(ABOUT THIS TASK) Return all lines of the listing below that carry the word "nationwide".

(INFORMATION SUPPLIED)
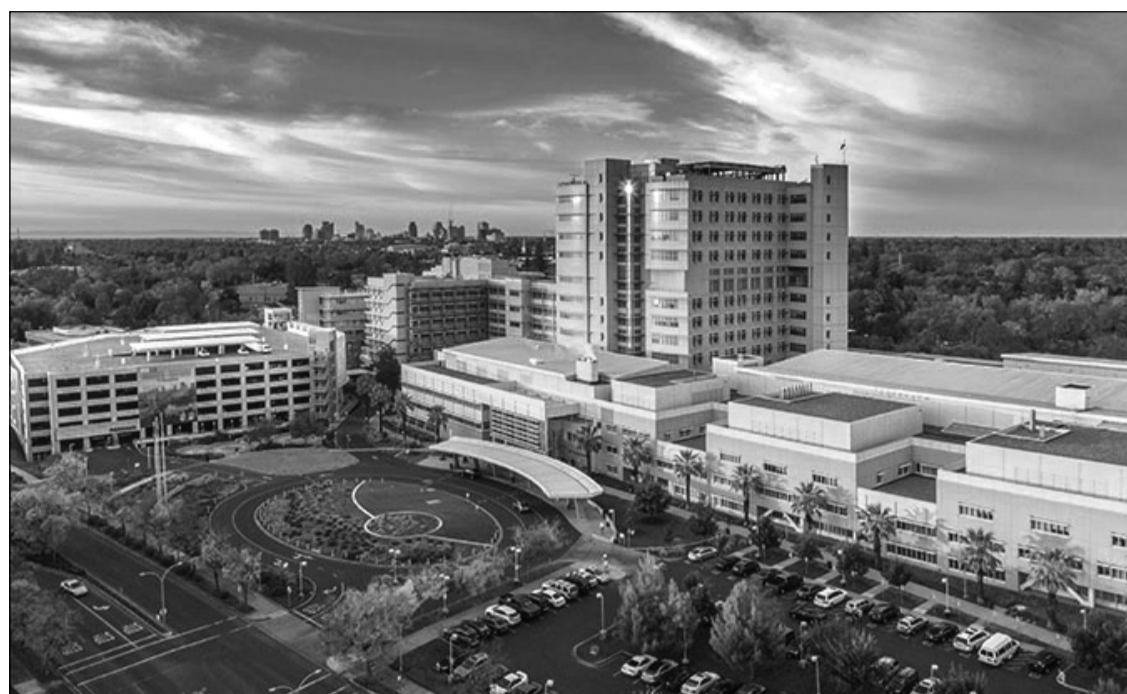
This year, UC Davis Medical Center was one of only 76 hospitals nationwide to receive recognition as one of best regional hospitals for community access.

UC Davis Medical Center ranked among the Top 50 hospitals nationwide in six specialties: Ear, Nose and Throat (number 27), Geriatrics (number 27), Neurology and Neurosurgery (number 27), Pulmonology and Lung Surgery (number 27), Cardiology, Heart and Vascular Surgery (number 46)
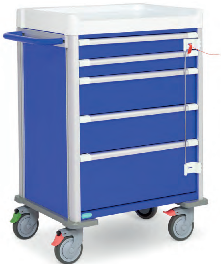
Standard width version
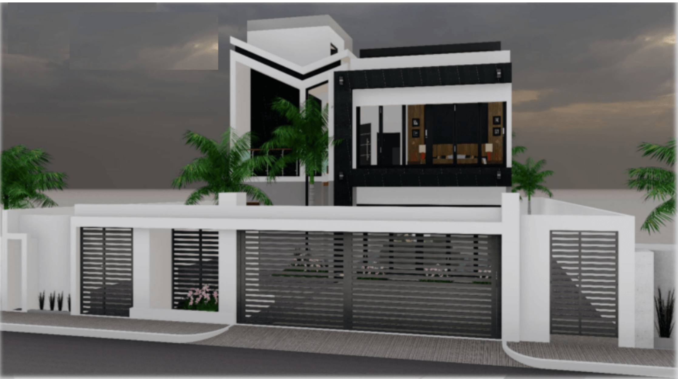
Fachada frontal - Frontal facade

(TASK SOLUTION)
This year, UC Davis Medical Center was one of only 76 hospitals nationwide to receive recognition as one of best regional hospitals for community access.
UC Davis Medical Center ranked among the Top 50 hospitals nationwide in six specialties: Ear, Nose and Throat (number 27), Geriatrics (number 27), Neurology and Neurosurgery (number 27), Pulmonology and Lung Surgery (number 27), Cardiology, Heart and Vascular Surgery (number 46)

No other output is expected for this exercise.